Saturday, May 22, 2010

Steamboy

Year 2, Day 141 - 5/21/10 - Movie #508

BEFORE: OK, enough screwing around with movies based on TV shows, let's get back to business.


THE PLOT: In 1860s Britain, a boy inventor finds himself caught in the middle of a deadly conflict over a revolutionary advance in steam power.

AFTER: I don't quite understand the "Steampunk" movement, from what I've seen - namely people dressing up at Comic-Con wearing leather outfits, aviator goggles, and big devices with lots of gauges and valves on them. There seems to be a desire to believe that anything could have been invented back in the 1800's, before it actually was. I don't see why people have a propensity to force 20th-century science into the Victorian Age.

Another thing I don't really understand is the popularity of manga, which always seems to contain characters with astonished expressions screaming at each other, making no sense in ways that don't quite synch up with their mouth movements. I realize a lot of this is due to the translation into English, but there's only so many times that characters can say "Huh? What? Can you hear me?" before it becomes annoying.

This is the story of a young boy, Ray Steam, whose father (and grandfather) are away working on some top-secret science project. One day a package arrives, with a note instructing Ray's family to keep its contents safe, and out of the hands of the Ohara Foundation. Of course, the Foundation shows up looking for the contents, a "Steam Ball", and Ray goes on the run, pursued by men on strange vehicles that look like locomotives, but are somehow the precursors to auto-motives. (Get it?)

This leads to Ray meeting up with Robert Stephenson, (I'm not sure, was this supposed to be Robert Louis Stevenson, the author? Did someone mix him up with Robert Fulton, the inventor of the steamboat? That would have made more sense...) who works for another mysterious group, at odds with the Foundation. And this leads to Ray finding his father and grandfather, who are both crazy inventors that designed a giant city/fortress called Steam Castle.

The theory seems to be that anything is possible, provided the characters have a large enough boiler, sufficient steam pressure, and a conglomeration of switches, pumps and valves. But while the movie is heavy on musings about the responsibilities of science (the big picture), it never takes the time to explain how anything actually, you know, works.

What is the "Steam Ball"? What, exactly, does it do? What makes it special? How does such a small device power an entire city? Is it best not to think too much about these things? I demand to know - how many forests are being destroyed to produce the wood to boil the water to create all this steam power? And if steam is so powerful, how come we abandoned its use in favor of gas, coal, and oil? Sorry, I'm not buying it.

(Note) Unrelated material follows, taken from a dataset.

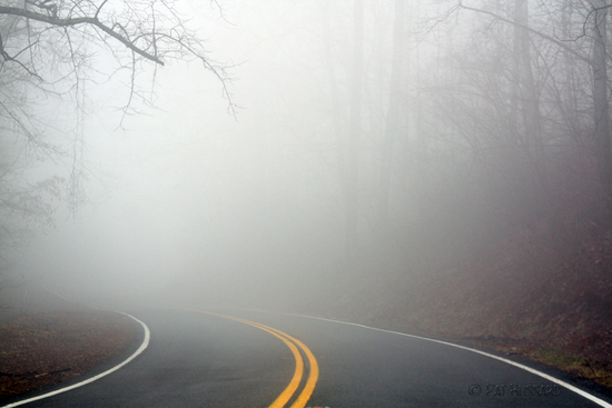 Очень сложно предугадать при таком тумане, особенно, когда едешь на высокой скорости,  что ждёт за поворотом.

And wouldn't hot steam running through the streets of London burn a whole lot of people? There's some half-hearted explanation about how expanding gas draws heat from its surroundings, which therefore freezes the city, rather than boils it, but I'm not buying that one either. It's steam, therefore it should be hot.

It's a visually stunning film, but it falls short on dialogue, explanations, and any sort of believability. I know, I know, it's a fantasy film, but it was very tough for me to slog through because there wasn't much to grab on to, plot-wise. Ray's father and grandfather are locked in a constant battle over which one of them is "right", but what, exactly is the issue that they're fighting over? Is one of them right and the other wrong, is one good and the other evil? And if so, which is which? And how come it's up to a small boy to figure out what science should be used for? Isn't that, like, what scientists are for?

Starring the voices of Anna Paquin (really? as a young British boy? It didn't sound like her at all...), Patrick Stewart, and Alfred Molina (his voice drove me crazy throughout the film, it was just outside of my recognition...). Apparently the movie could only employ voice talent that had been in an X-Men or Spider-Man film.